2. Learn about B-trees and LSM-trees, what they are and what are the benefits of using one over the other

3. Find out how to evaluate various storage systems to see which one fits better for the problem at hand.

Abstract

In the world of Big Data, it’s important to know how the Storage Systems work in order to be able to pick a right tool right job. The talk covers modern storage system approaches, discussing storage internals, and evaluation techniques to choose a database with with the optimal read, write or memory overhead, best suitable for your data.

Question:

What's the focus of the work that you're doing today?

Answer:

I can tell you about Apache Cassandra and the patches I was working on recently. In Apache Cassandra, I've been recently working on transaction replication. Before that, I was working on SASI, an implementation of secondary indexes, on the commit log and on various storage and consistency related things. I had a chance to work on most of the Apache Cassandra subsystems. In Cassandra (or in Apache projects in general) people often don’t specialize (meaning that you work not only on one small subsection of it but you work on the project as a whole). There are few people who specialize on complex subsystems like compaction or other things but it's not very often. Usually, you get to work on the database as a whole. And this was pretty much what I was lucky enough to do.

Question:

What are you going to focus on in your talk?

Answer:

I'm going to focus on the distinction between the two storage types that I think are most prevailing at the moment: immutable and mutable storage.
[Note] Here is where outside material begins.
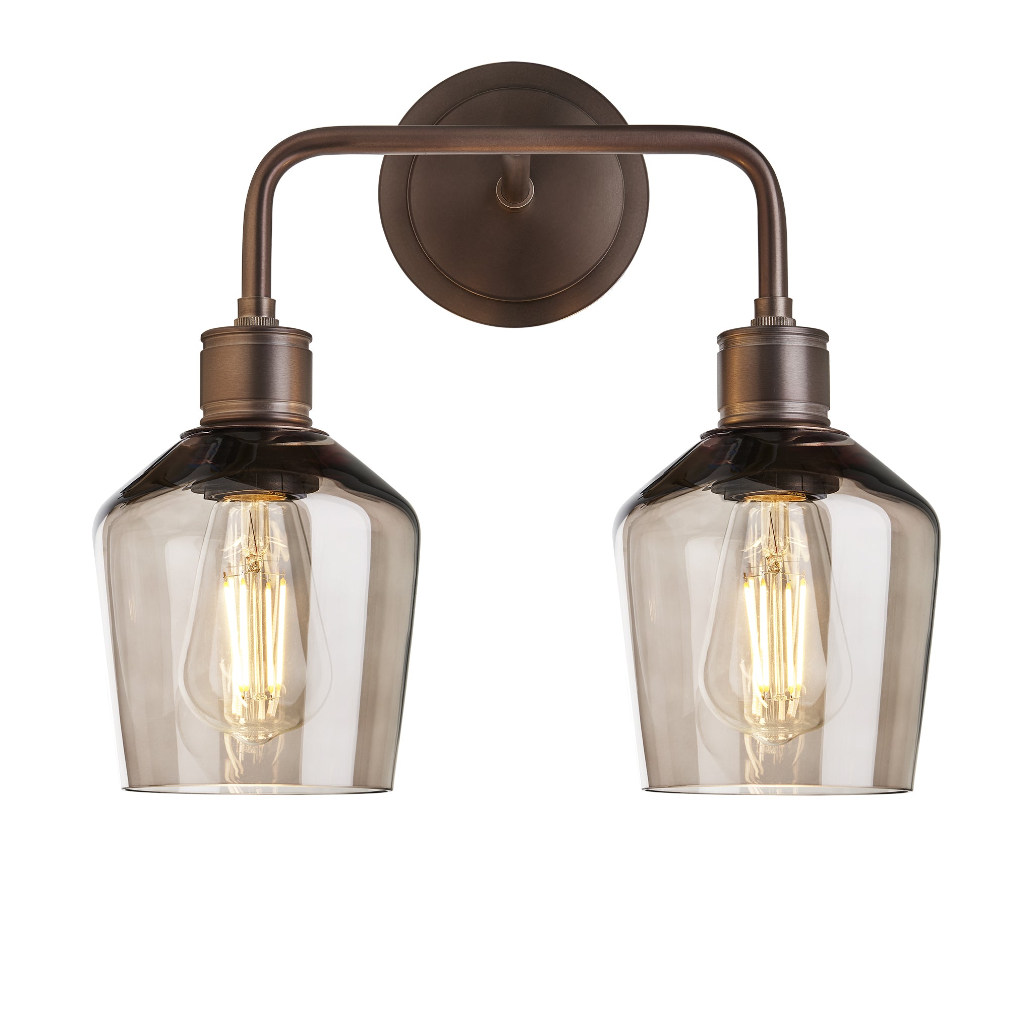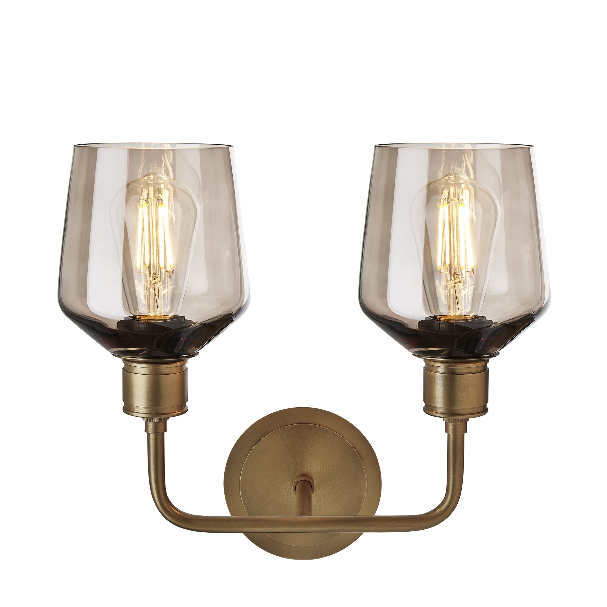 A classic finish with opulent motifs. Add the finishing touch to your dream space with the Double Albany Smoked Glass Schoolhouse Wall Light. This ornate holder available in both dazzling  bronze and elegant brass, producing a bold impression against the wall with remarkable depth. The timeless shade blends beautifully with our contemporary holder for a sophisticated and distinct finish. The schoolhouse shade is styled with sharp, dynamic curves, producing sophisticated shapes.

It seems to be that over the years, as the storage systems evolved, database community concentrated more on the mutable storage (the storage which was more suitable for spinning disks, like B-trees). Right now, people tend to move to something that is working slightly better for SSDs (meaning LSM-trees).

The main subject of the talk is going to be to describe what the B-trees (or B+-trees) are, what LSM-trees are, and then to give a rule of thumb to evaluate any paper that you can read. There are algorithms which are trying to optimize for the read, others for the write, and there are ones which are trying to optimize for storage overhead. I'm going to include several metrics to use in order to find a good balance between these three things: read optimization, write optimization, and storage overhead.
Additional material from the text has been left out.